Yerba Mate, a tea made from the tree Ilex paraguariensis, met my palate this afternoon when I was searching for an alternative to my bottomless coffee cup. I found Yerba Mate on a list of loose teas offered at my local coffee shop. The name Mate brought me back to the year 2000. That year, I was also sitting in a coffee shop sipping Mate, albeit at a much higher altitude. I was in La Paz, Bolivia and there Mate is referred to as Mate de Coca. Mate de Coca is a refreshing and energizing tea made from steeping the leaves of a different plant, the infamous Coca plant (Erythroxylum coca). I'm indebted to the Bolivian Coca plant and one Bolivia lady who helped me cure an allergy with Coca leaves. The Bolivian lady taught me to bite the Coca leaves to release medicinal components and place them on my face where I suffered from this allergy, the picture below shows the severity. I was allergic to alpaca fur but I mistook my allergy symptoms for those of a common cold. As my allergies became worse, ironically, I kept warm by hiding in layers and layers of alpaca-fur coats and blankets. If I'm ever near Alpaca again, I'll carry Coca leaves with me!

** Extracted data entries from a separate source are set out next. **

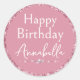 Adesivo Redondo Feliz Aniversário Glamorous Pink Glitter e Diamant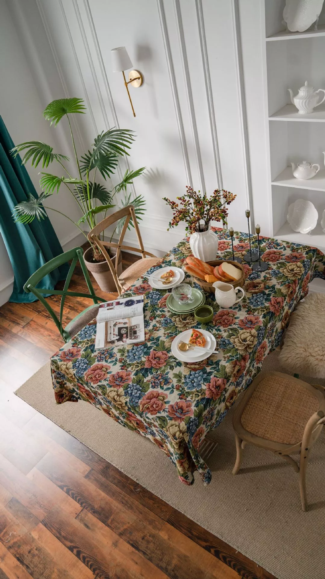 Unlike basic plain tablecloths, this one draws the eye and adds depth to your décor. The floral oil painting effect pairs beautifully with rustic wooden tables, elegant porcelain dishes, or modern glassware. It’s a perfect blend of function and fashion—practical for daily use, yet beautiful enough for special occasions.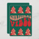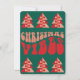 Retro Groovy-julkort med rött och rosa Julgranar och citat under en djup vinterbakgrund i grönten. Vänd kortet för att anpassa texten. Skaffa dig en skugga på julen!

I expected these two similar sounding teas to taste alike. To my surprise Yerba Mate tasted nothing like Mate de Coca. Unlike Coca's mild flavour, I found Yerba Mate to be bitter with a hard to describe aftertaste. For lack of a better comparison, the Yerba Mate aftertaste vaguely resembled the flavour of tobacco.
Because I am fascinated by where plants come from I couldn't pass up the opportunity to find out what plant I was drinking. With the help of wikipedia's invisible scholars, I learned that Ilex paraguaiensis (Yerba Mate) is a forest plant found in the southern parts of South America, in Paraguay, Uruguay, Argentina, and Brazil. When you order a Yerba Mate, you are likely savouring leaves from tea plantations or from trees planted in their native forest habitats. Like the popular green tea, Yerba Mate leaves are processed before they hit your teapot. The main difference between Mate and green tea is the drying method. Mate is dried slowly using wood smoke and green tea is dried fast at high temperatures.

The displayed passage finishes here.